Un livre idéal quand on manque de temps ou, comme moi en ces mois de novembre et décembre 2023, on a l’esprit pris par le boulot.
Et en même temps, c’est très agréable à lire.
« C’est un roman qui raconte des romans, des romans potentiels, qui ne seront pas tous forcément développés. Un seul l’est vraiment, l’histoire de Bartlebooth et de son jumeau Winckler »
Une merveille absolue, un livre immense !
Leurs enfants après eux, Nicolas Mathieu : Attention, chef d’œuvre !
Très enthousiasmé par ce roman très politique (« tout est politique », répète l’auteur à longueur d’interview, et il a bien raison) qui parle de la vie de (principalement) 3 ados durant les étés 1992, 1994, 1996 et 1998. L’ennui, les émois amoureux, la découverte de la sexualité, les incompréhensions avec les adultes souvent brisés par la vie, les bêtises, la drogue (très présente), l’alcool (et pas beaucoup de rock’n’roll), l’absence d’espoir, l’envie (et l’inaptitude) à envoyer tout paître et de partir loin…
Cela se passe dans une vallée lorraine après la fermeture du dernier haut-fourneau, autant dire que l’ambiance n’est pas précisément folichonne…
Mais quelle plume ! Le travail sur le style est tout bonnement extraordinaire.
Nicolas Mathieu est le Zola du XXIe siècle, les descriptions interminables et chiantes en moins.
Ce que l'on sème, Régina Porter : "fresque familiale et amoureuse, ce roman donne à voir les coulisses
méconnues de l’histoire d’une nation.
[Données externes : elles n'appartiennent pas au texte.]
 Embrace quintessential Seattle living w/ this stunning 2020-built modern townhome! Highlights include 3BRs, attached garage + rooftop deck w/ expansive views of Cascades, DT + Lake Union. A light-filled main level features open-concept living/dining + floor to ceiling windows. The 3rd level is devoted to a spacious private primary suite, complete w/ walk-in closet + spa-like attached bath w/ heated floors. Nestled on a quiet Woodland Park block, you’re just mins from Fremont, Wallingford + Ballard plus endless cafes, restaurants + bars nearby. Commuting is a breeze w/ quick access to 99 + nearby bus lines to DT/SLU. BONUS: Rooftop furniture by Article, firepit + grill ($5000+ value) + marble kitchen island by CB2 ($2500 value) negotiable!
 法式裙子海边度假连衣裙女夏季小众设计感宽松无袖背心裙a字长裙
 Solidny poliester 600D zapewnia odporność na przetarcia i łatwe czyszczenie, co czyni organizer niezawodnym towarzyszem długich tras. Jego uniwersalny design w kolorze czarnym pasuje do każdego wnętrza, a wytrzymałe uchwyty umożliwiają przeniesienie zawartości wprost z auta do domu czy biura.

Avec une justesse, un humour et
une maîtrise rares, Regina Porter creuse les traumatismes des États-Unis
sur plusieurs générations et expose avec grande intelligence les
mouvements profonds d’une société sur plus d’un demi-siècle. " (Extrait de la 4e de couv').
Un livre superbement construit..
S'adapter, Clara Dupont-Monod : Un enfant très lourdement handicapé nait dans une famille cévenole. Ses trois ainés racontent.
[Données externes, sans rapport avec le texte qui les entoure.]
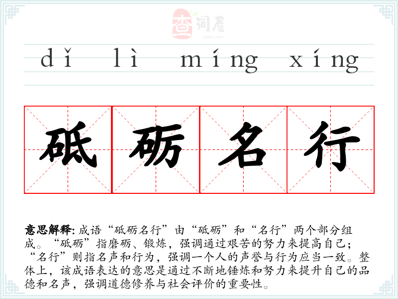 成语“砥砺名行”由“砥砺”和“名行”两个部分组成。“砥砺”指磨砺、锻炼,强调通过艰苦的努力来提高自己;“名行”则指名声和行为,强调一个人的声誉与行为应当一致。整体上,该成语表达的意思是通过不断地锤炼和努力来提升自己的品德和名声,强调道德修养与社会评价的重要性。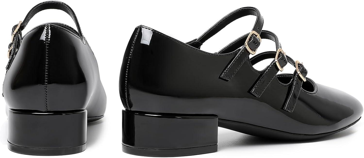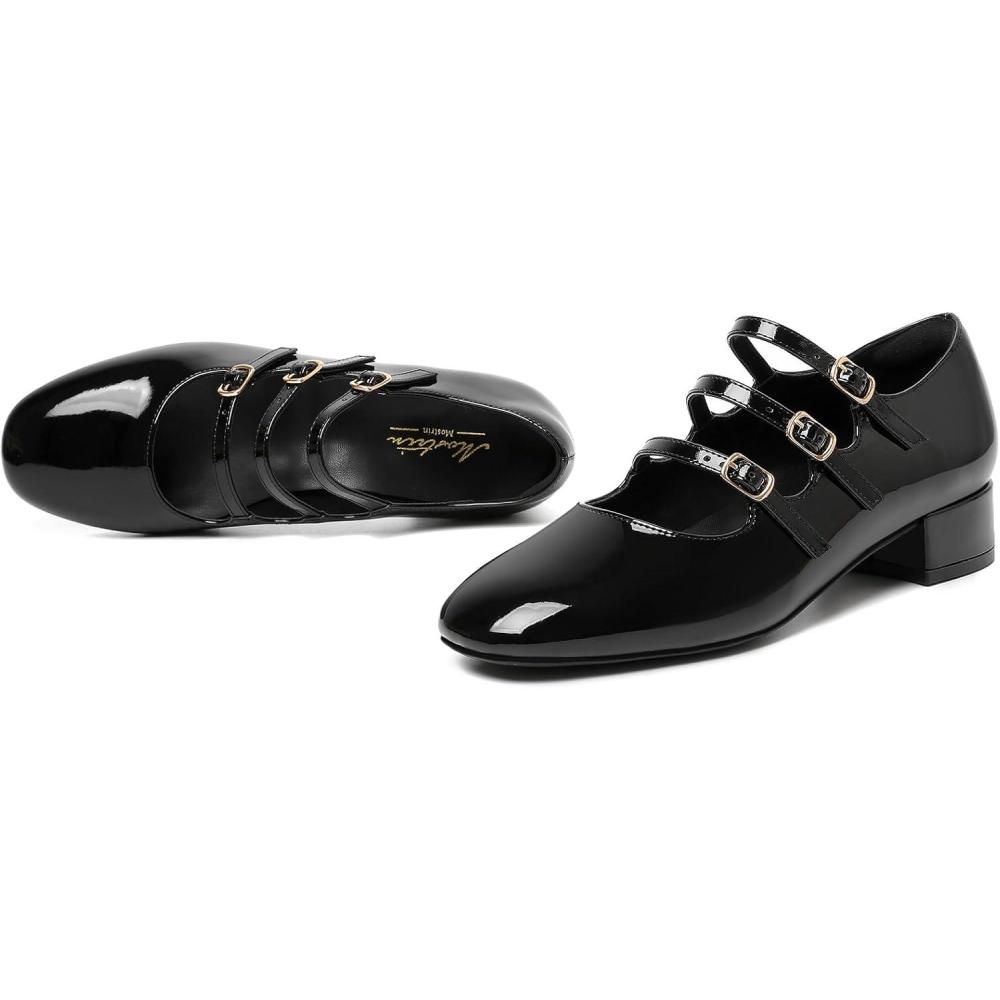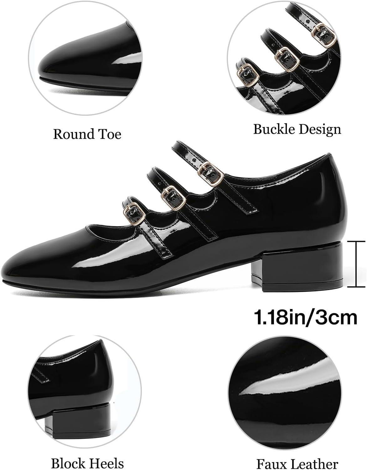 Mostrin Mary Jane Shoes Women Round Toe Dress Shoes for Women Chunky Low Heels Adjustable Buckle Strap Pumps for Work Office Wedding Party(Black)

Dit comme ça, on redoute le gros mélo larmoyant.
Tout faux.
Car la plume est magistrale et l'histoire construite avec beaucoup d'intelligence et de sensibilité.
Et quel style !
Mon Traitre puis Retour à Killybegs, Sorj Chalandon : Ces deux là sont ensemble, car ils content la même histoire.
La première est l'amitié entre un luthier parisien qui prend fait et cause pour la révolution irlandaise dans les années 60 et 70 et un héros de l'IRA. Sauf que le héros est un traître et bosse pour les services secrets granbretons. Ouille.
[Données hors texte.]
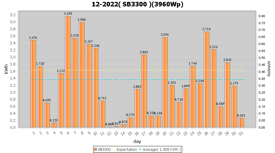 | 26-12-2022 | kWh | W/Wp | 2.714 | 3960 | 0.7 | 1.255 | £ 2.58 | 6.4 | |

La seconde, c'est la même histoire, vue par le traître. Où l'on se rend compte que tout n'est pas si simple.
Magistral, deux livres immenses, à lire en écho l'un de l'autre, et surtout dans l'ordre indiqué.
Week-end à Zuydcote, Robert Merle : Robert Merle est un écrivain qui avait le très rare mérite d'être très bon et populaire.
Un livre sur l'absurdité de la guerre.
Quoi, encore un ? Lisez-le et on en reparle.
La jeune épouse, Alessandro Barrico : A chaque fois que je lis Barrico, je prends (très souvent) un pied exceptionnel et me demande pourquoi ils ne lui pas encore filé le Nobel. Il le mérite infiniment plus que d'autres.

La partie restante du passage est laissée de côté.